January 12th, 1888 began as an unseasonably mild day in the upper Midwest prairie. For the first time in months, immigrant children walked to school without coats and gloves. Farmers flocked to their fields to finish chores abandoned when winter descended in November. Then suddenly and without warning, the clear skies turned gray and a wall of ice dust and freezing temperatures blasted in from Canada, covering 780 miles and dropping temperatures to 47 degrees below zero in parts of Minnesota.

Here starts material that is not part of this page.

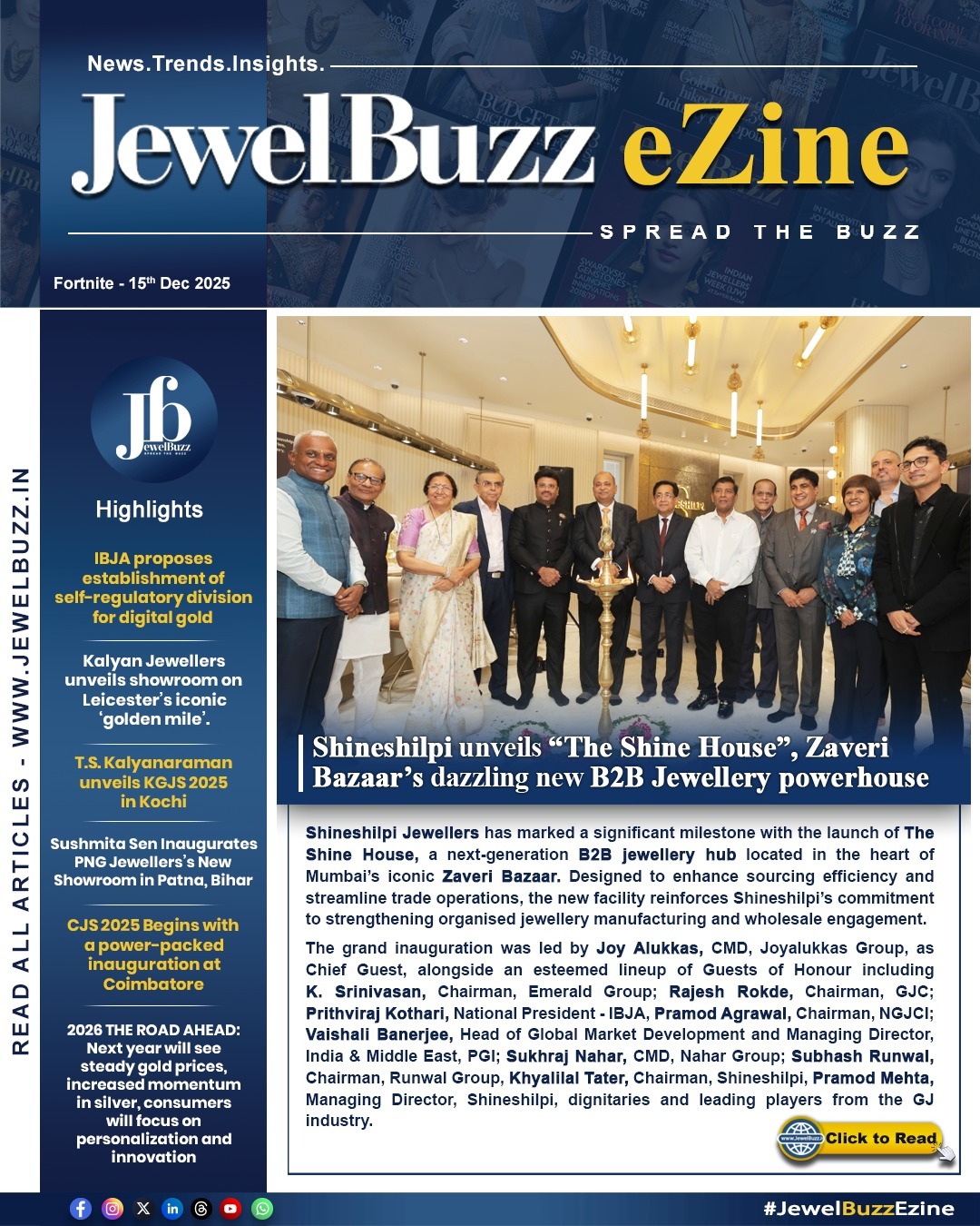 The JewelBuzz E-zine, the digital newsletter from A M MEDIA, is published every fortnight and offers a concise yet comprehensive roundup of industry news, developments, brand launches, and retail expansions over the past 15 days. With its user-friendly format and wide digital reach, it has become a preferred platform for both JewelBuzz readers and advertisers alike.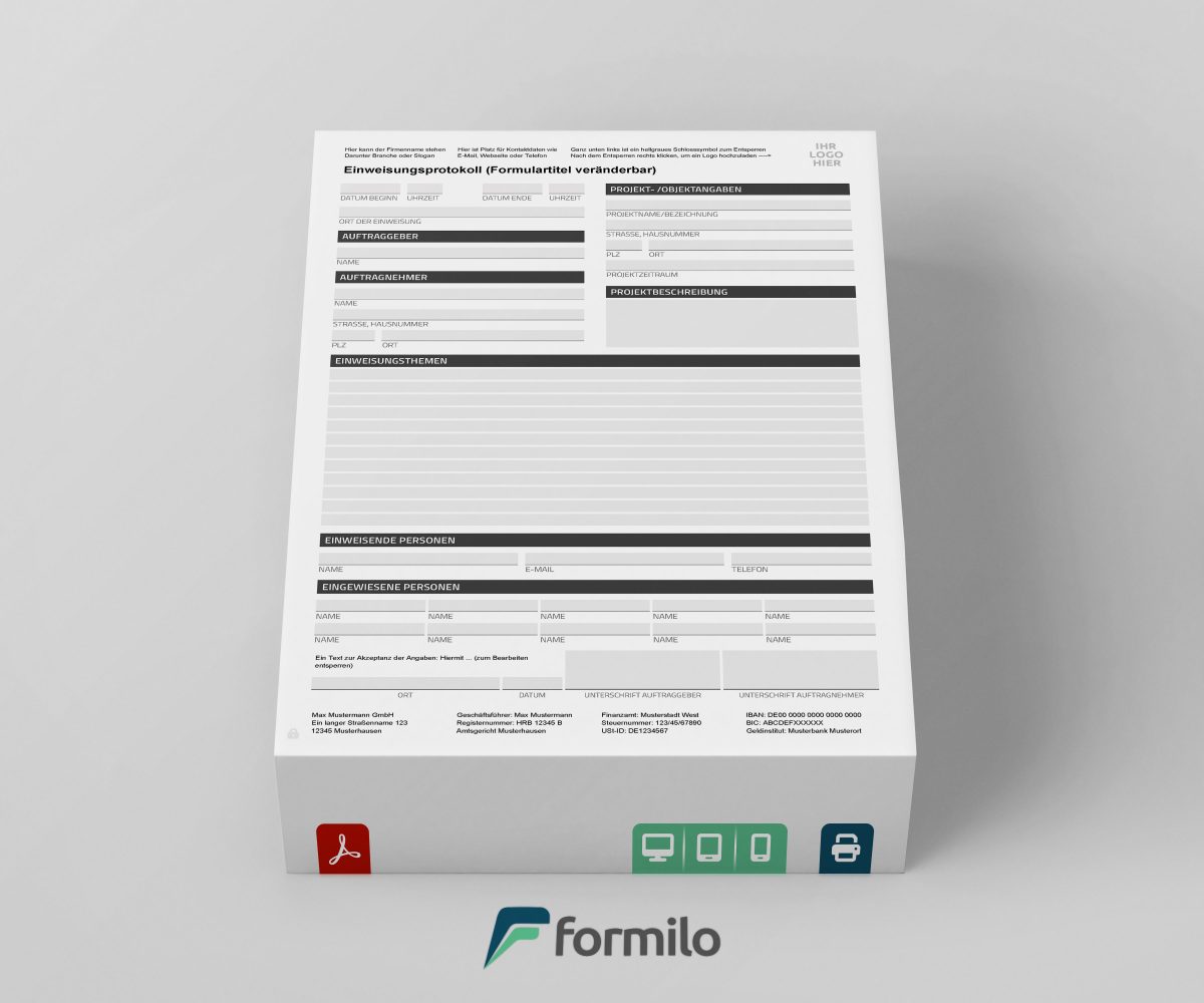 Die Vorlage ist durchdacht aufgebaut, leicht handhabbar und ideal für alle Einsatzszenarien, in denen Einweisungen formal und rechtssicher dokumentiert werden müssen.

The Children's Blizzard, by David Laskin, rivetingly recounts how this treacherous and unanticipated storm blanketed the Dakota Territories, Nebraska, Iowa and Minnesota, catching people unawares and leaving in its wake a death toll estimated at nearly 500.
Settlers from Germany and Scandinavia had stampeded west to claim their 160 acres of free land promised by the Homestead Act, but few were prepared for the brutal weather conditions they encounted on the plains. Their unpreparedness was compounded by the US Army Signal Corp, whose forecasters underestimated the severity of the storm and posted weather warnings too late. Yet it's unlikely that even a timely dispatch could have reached the thousands of people living in isolation scattered across the plains and powerless to cope with the blizzard's fury.
The Children's Blizard is nonfiction so richly researched and compelling that it reads like fiction, and is one of the most fascinating books I've encountered. Laskin journeyed through the Midwest interviewing victims' descendants and poring over local and national archives, and breathes life into six pioneer families who struggled to survive the storm. For more by this talented storyteller, check out The Long Way Home: An Immigrant Generation and the Crucible of War and, Laskin's latest, The Family: Three Journeys into the Heart of the Twentieth Century.